Experiment 172.—I shall, as a typical example, give a detailed account of experiments with the petiole of Tropæolum which was found so highly excitable to geotropic stimulus (p. 434). The specimen was held horizontal with two symmetrical contacts at the two sides, the electrodes being connected in the usual manner with the indicating galvanometer. When the plant is rotated through +90° there is an immediate current of response, the upper side becoming galvanometrically negative. This excitatory reaction on the upper side finds, as we have seen, mechanical expression by contraction and concavity, with positive or up-curvature.

Fig. 167.—Diagrammatic representation of the geo-electric response of the shoot (see text).

The differential stimulation of A and B disappears on rotation of the axis back to zero position, and the induced electro-motive response also disappears at the same time. If now the axis be rotated through -90°, A will become the lower, and B the upper and the excited side. The electro-motive change is now found to have undergone a reversal, B becoming galvanometrically negative. This induced electro-motive variation under geotropic stimulus is of considerable intensity often exceeding 15 millivolts. The characteristic electric change is shown diagrammatically in figure 167 in which the middle figure shows the symmetrical or zero position. On rotation through +90° (figure to the right) A occupies the upper and B the lower position. A is seen to exhibit induced change of galvanometric negativity. Rotation through -90° reverses the current of response, as B now occupies the upper and A the lower position.
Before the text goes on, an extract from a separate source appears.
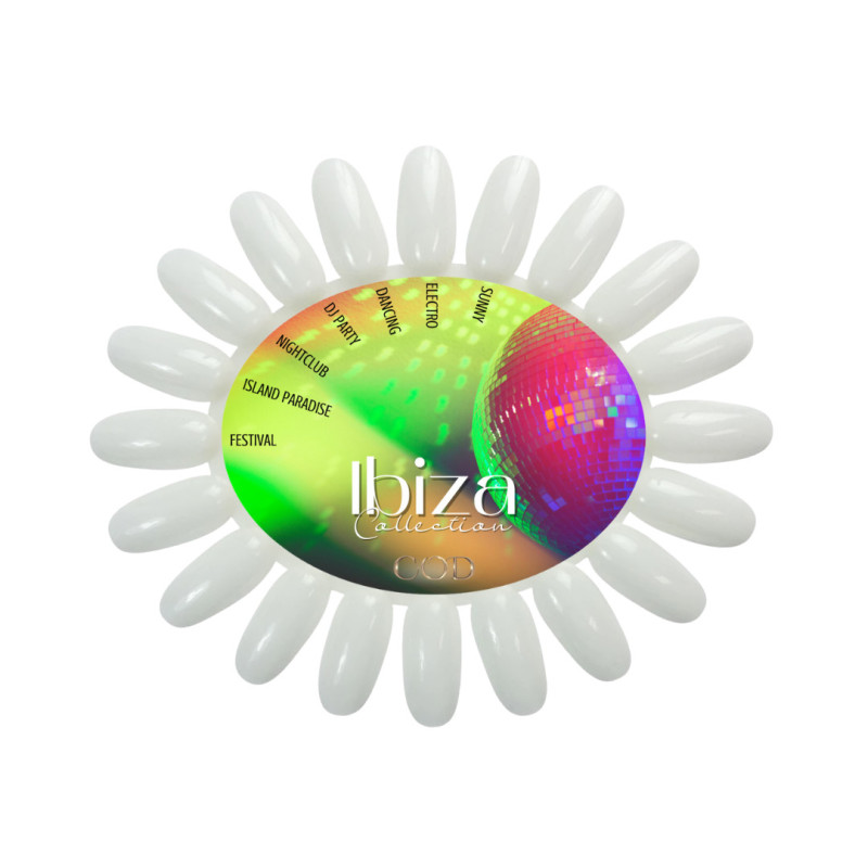 Natural or transparent blank color chart with its personalized label which includes the names of the Ibiza collection

CHARACTERISTICS OF GEO-ELECTRIC RESPONSE.

There are certain phenomena connected with the electric response under geotropic stimulus which appear to be highly significant. According to statolithic theory

"Geotropic response begins as soon as an organ is deflected from its stable position, so that a few starch-grains press upon the ectoplasts occupying the walls which are underneath in the new position; an actual rearrangement of the starch-grains is therefore not an essential condition of stimulation. As a matter of fact, the starch-grains do very soon migrate on to the physically lower walls, when a positively or negatively geotropic organ is placed horizontally, with the result that the intensity of stimulation gradually increases attaining its maximum value when all the falling starch-grains have moved on to the lower region of the ectoplast. The time required for the complete rearrangement of the statoliths may be termed the period of migration; its average length varies from five to twenty minutes in different organs."[36]

Stimulation, according to the statolithic theory, is induced by the displacement of the particles. The diameter of the geotropically sensitive cells is considerably less than 0·1 mm.; and the stimulus will be perceived after the very short interval taken by the statoliths to fall through a space shorter than 0·1 mm. This may be somewhat delayed by the viscous nature of the plasma, but in any case the period for perceptible displacement of the statoliths should be very short, about a second or so, and the latent period of perception of stimulus should be of this order.

The mechanical indication of response to stimulus is delayed by a period which is somewhat indefinite; for the initiation of responsive growth variation will necessarily lag behind the perception of stimulus.